Your instructions: Write out again the lines from the line with "不过,Unity的新CEO对" up to and including the line with "Ann Taylor color", exactly as they stand below, and skip any picture.

Supplied material:
++++++

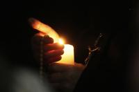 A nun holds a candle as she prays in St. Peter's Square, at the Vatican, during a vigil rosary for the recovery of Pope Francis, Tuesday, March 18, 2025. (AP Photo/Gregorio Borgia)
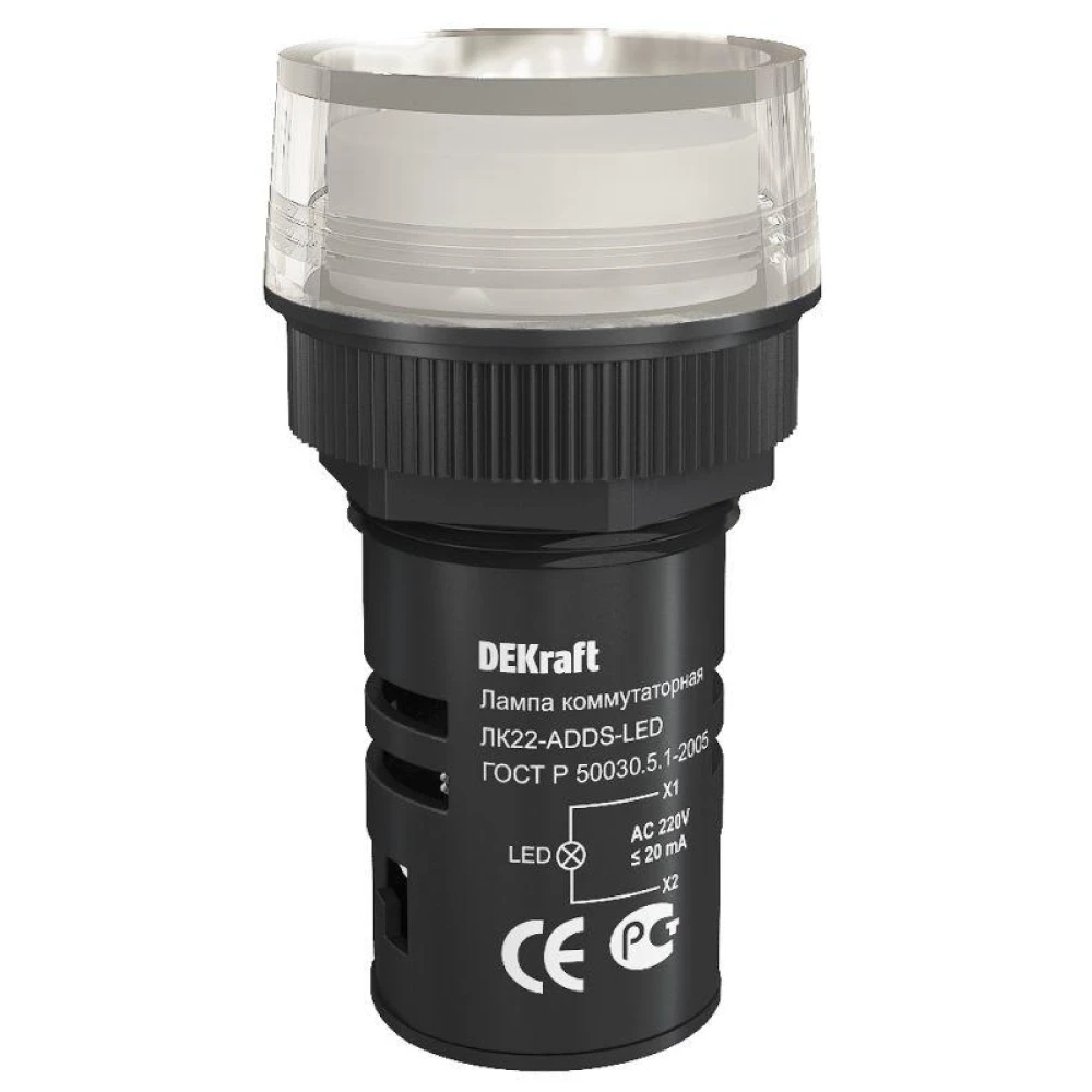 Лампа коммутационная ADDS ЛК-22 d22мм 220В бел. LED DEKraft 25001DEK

++++++

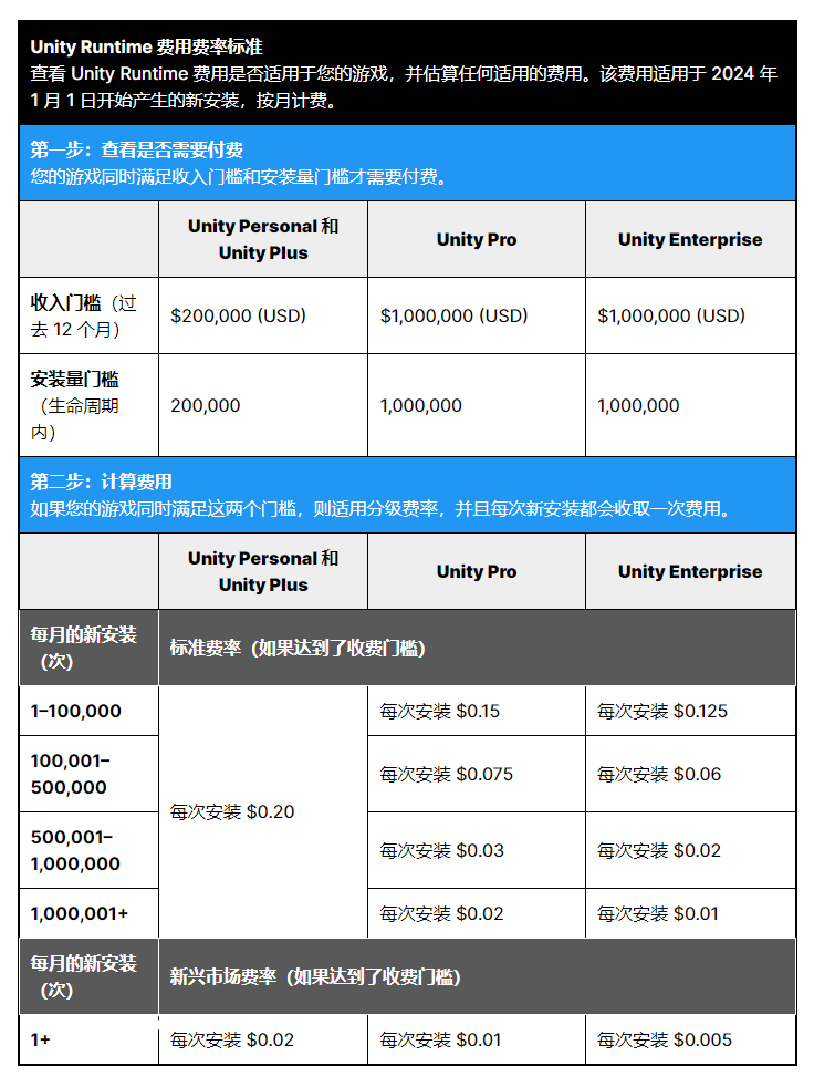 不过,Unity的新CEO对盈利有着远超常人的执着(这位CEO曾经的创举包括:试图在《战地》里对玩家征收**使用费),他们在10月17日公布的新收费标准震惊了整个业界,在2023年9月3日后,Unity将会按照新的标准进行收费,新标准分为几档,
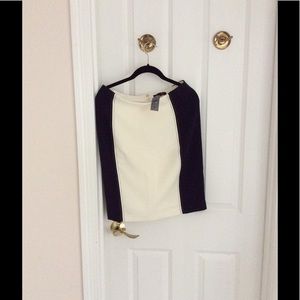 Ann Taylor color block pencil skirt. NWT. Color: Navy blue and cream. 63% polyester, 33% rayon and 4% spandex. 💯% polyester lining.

++++++

Solution to this task:
 不过,Unity的新CEO对盈利有着远超常人的执着(这位CEO曾经的创举包括:试图在《战地》里对玩家征收**使用费),他们在10月17日公布的新收费标准震惊了整个业界,在2023年9月3日后,Unity将会按照新的标准进行收费,新标准分为几档,
 Ann Taylor color block pencil skirt. NWT. Color: Navy blue and cream. 63% polyester, 33% rayon and 4% spandex. 💯% polyester lining.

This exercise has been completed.